Once you notice this phenomenon, you see it everywhere. Nearly every news story, every blog post, every analyst report, and even every email that references some corporate statistic follows the same pattern: A datapoint, and a brief description—or subtle nudge, like the word “just”—tells us what it means. Ask yourself though: Would you come to the same conclusion with the data alone? As often as not, we wouldn’t—not because the conclusion is wrong, but because, when presented with data on some domain we don’t deeply understand,6 we have no choice but to look for clues and shortcuts to help us make sense of those numbers. Our best shortcuts are typically the words around the data, so we interpret it the way we’re told to. The claim decodes the data, and the data proves the claim.

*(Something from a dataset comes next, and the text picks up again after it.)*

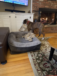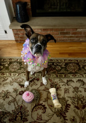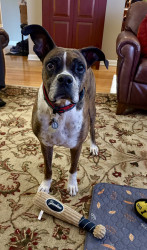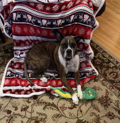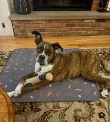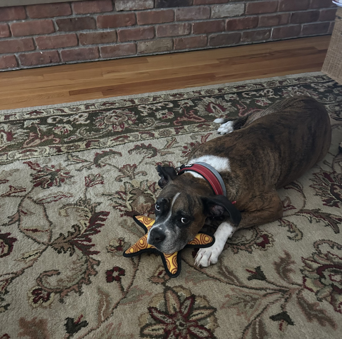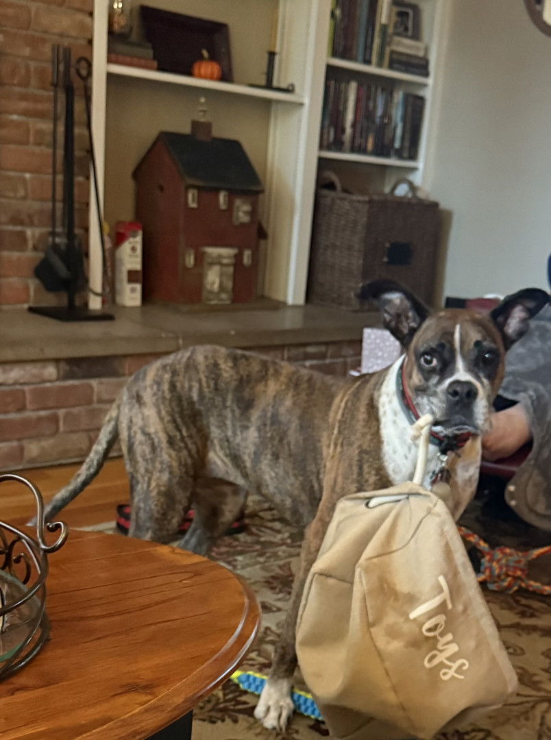 Receive Text UpdatesMarley loves food period! She’s on a healthy diet due to her cancer. Current favorite treats are beef chips or beef/turkey jerky treats. She loves her Jolly Egg, Christmas stuffed toy and tennis ball. But mostly likes to take her toy basket and flip it around. I could have saved a lot of money on toys 😊

So what do we do about it? I’m not sure there’s that much we can do. Most people aren’t trying to deceive us; we can’t throw out every number as a conspiracy theory; there’s a fine line between healthy skepticism and tin hat paranoia. Sometimes, we have to have faith in the system, and accept that the odds that we botch “our own research” are higher than the odds we’re being lied to.
But we should at least acknowledge that we should be as wary about words as we are charts. As Cassie Kozyrkov put it in her retort to W. Edwards Deming’s famous quote, “without data, you're just another person with an opinion,” with data, you’re still just another person with an opinion. Though we often assume these opinions are camouflaged in clumsy chart crimes, it’s far more common for them to be spelled out in plain language. And when people tell us their opinions, we should believe them.
Tell me you’re putting together a presentation on data science without telling me you’re putting together a presentation on data science.
It’s so cliché that, after typing “correlation doesn’t eq”, my Google editor suggests the rest for me.
As it happens, I know this California man. Delete this email; close this tab; unsubscribe from this Substack; read the Washington Post article; follow him; join his movement. You won’t be disappointed.
Which raises the question: What is a surge?
Which, for most of us, is every domain, minus maybe one or two.